Scott Demerau
About Scott Demerau
Scott Demerau (age 63) serves as Executive Chairman and Class I director of Falcon’s Beyond Global (FBYD), a role he has held since the October 2023 business combination that took the company public; he holds a B.S. in Business from Ferris State University . He co‑founded Falcon’s Beyond Global, LLC (April 2021) and previously led Katmandu Group and Producciones de Parques S.L., with a career in location‑based entertainment dating back to 1985 and the Mountasia/Malibu Grand Prix chain . The company highlights his and his family’s continuing control position post‑listing and subsequent updates; FBYD’s filings state the Demerau family controls over 55% of voting power, underscoring governance/control dynamics for investors . The proxies and filings do not disclose TSR, revenue growth or EBITDA growth attributed to his tenure; investors should focus on post‑SPAC execution (OES acquisition/integration and attractions ramp) rather than formulaic P4P metrics for Demerau specifically .
Past Roles
| Organization | Role | Years | Strategic Impact |
|---|---|---|---|
| Falcon’s Beyond Global, Inc. | Executive Chairman; Director (Class I) | Oct 2023–present | Led transition to public company; ongoing strategic oversight |
| Falcon’s Beyond Global, LLC | Executive Chairman; Board of Managers | Apr 2021–Oct 2023 | Built platform prior to business combination |
| Katmandu Group | Chairman & CEO | Since 2013 | Expanded Katmandu IP and JV with Meliá Hotels International |
| Producciones de Parques, S.L. | Co‑founder; President | Since 2005 | Developed House of Katmandu (Mallorca), precursor to Katmandu Park |
| Fantasy Golf Development Co. / Mountasia Entertainment Int’l | Co‑founder; later Chairman & CEO | From 1985; IPO 1993 | Built 24‑location chain; later acquired Malibu Grand Prix (>20 locations) |
External Roles
No additional public company directorships or external board roles for Demerau are disclosed in the latest proxies; his historical operating roles are noted above .
Fixed Compensation
Notes: FBYD reports that executive officers who serve on the board (including Demerau) do not receive director fees; amounts below reflect compensation for service as executive officers. Detailed base salary/bonus breakdowns for Demerau are not provided; “All Other” includes typical benefits (e.g., 401(k), healthcare) per proxy footnotes for NEOs.
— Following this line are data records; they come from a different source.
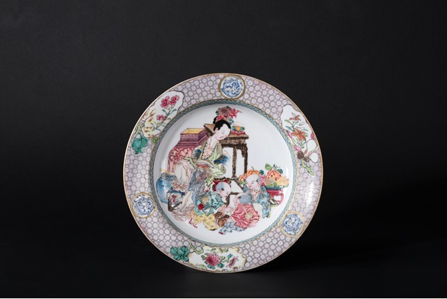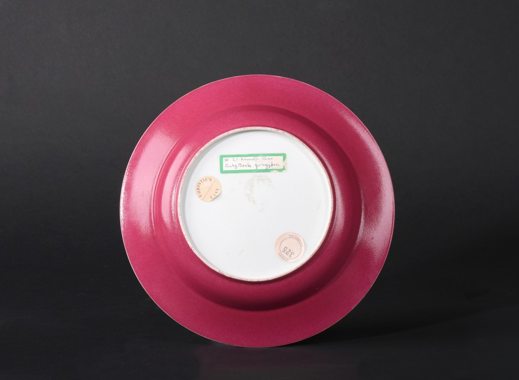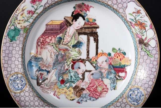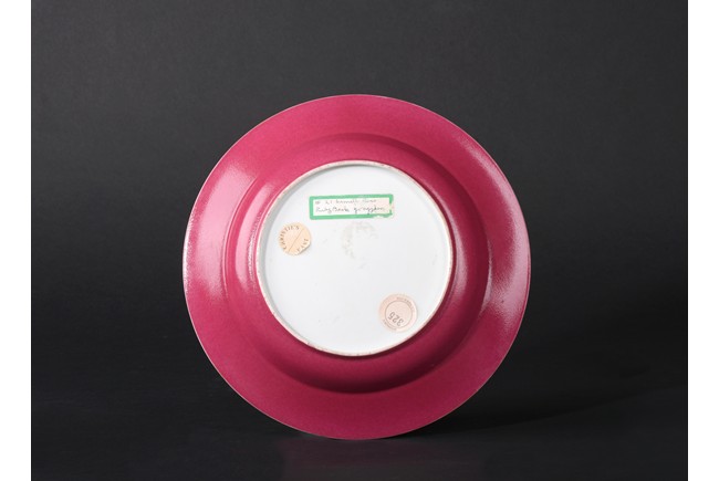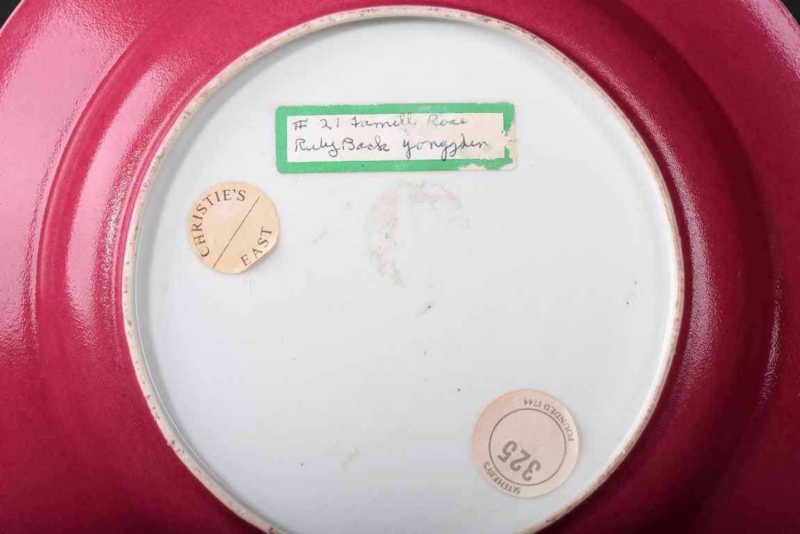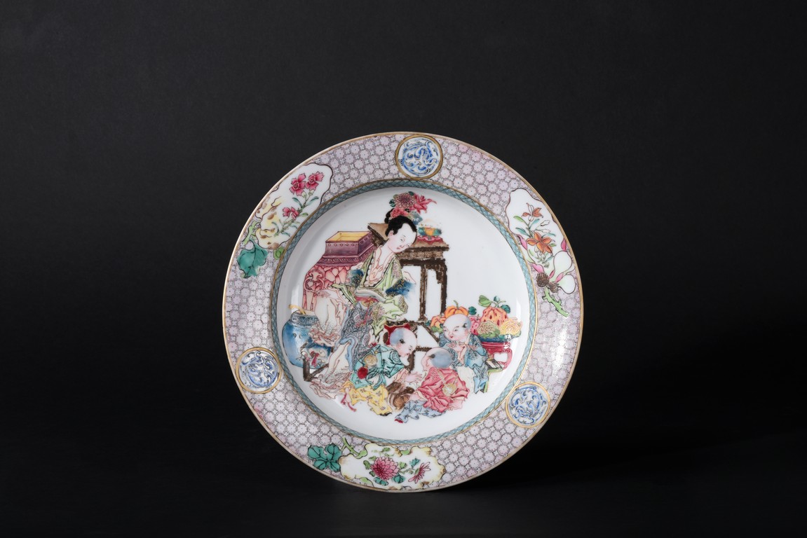 The dish elaborately painted with a scene of lady and his three boys in an interior setting with garden seats and bamboo table, all within a blue ground floral band beneath floral diaper band on the inverted rim with fruit and flower shaped floral reserves interrupted by dragon roundels, the reverse covered in rich ruby red enamel. Qing Dynasty Yongzheng period.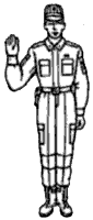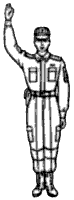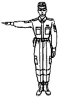 | 7 | Марш (вперед, продолжать движение в прежнем или новом направлении, путь свободен) | Поднять правую руку вверх, повернуться в сторону движения и опустить руку в направлении движения на уровне плеча | То же, с желтым флажком в правой руке | Фонарем с зеленым светом размахивать по вертикали вверх и вниз |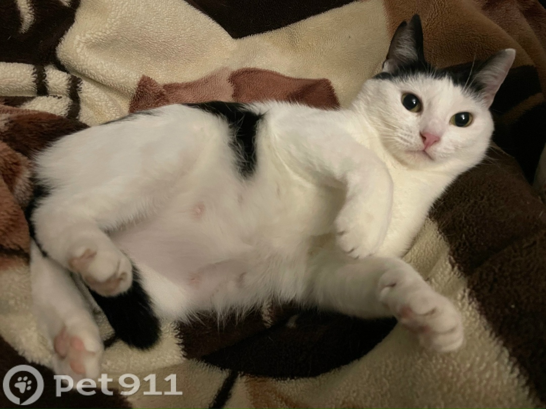 Пропала кошка,белая с черными пятнами,правое ухо кончик порван,хвост сломан,домашняя,упитанная,очень мягкая. Убежала когда открыли дверь в подъезд,сиганули даже не заметили.

| Metric | FY 2023 | FY 2024 |
|---|---|---|
| Cash Compensation ($) | 477,872 | 477,872 |
| All Other Compensation ($) | 26,275 | 15,942 |
| Total ($) | 504,147 | 493,734 |
Performance Compensation
- Company equity plan and structure (general, not specific to Demerau): FBYD adopted the 2023 Equity Incentive Plan; initial “Day 1” RSU awards to certain executives vest 15%/17.5%/20%/22.5%/25% on each of the first through fifth anniversaries of the grant date, subject to continued service; additional 2024 RSUs followed a similar schedule for the Chief Legal Officer . Outstanding NEO award table shows RSUs for Bruce Brown and Simon Philips; no RSU/option awards for Demerau are disclosed .
- Short‑term incentives and performance metrics: The company uses discretionary bonuses for executives other than certain founders; no formulaic revenue/EBITDA/TSR metrics or targets are disclosed for Demerau .
- Clawback: Executive clawback policy compliant with SEC/Nasdaq requires recoupment of excess incentive comp after a restatement (3 prior fiscal years) .
Equity Ownership & Alignment
FBYD’s 2024–2025 proxies show Demerau with no directly reported beneficial holdings under SEC rules, while related family entities and affiliates hold significant stakes. Company filings and risk factors emphasize family voting control dynamics.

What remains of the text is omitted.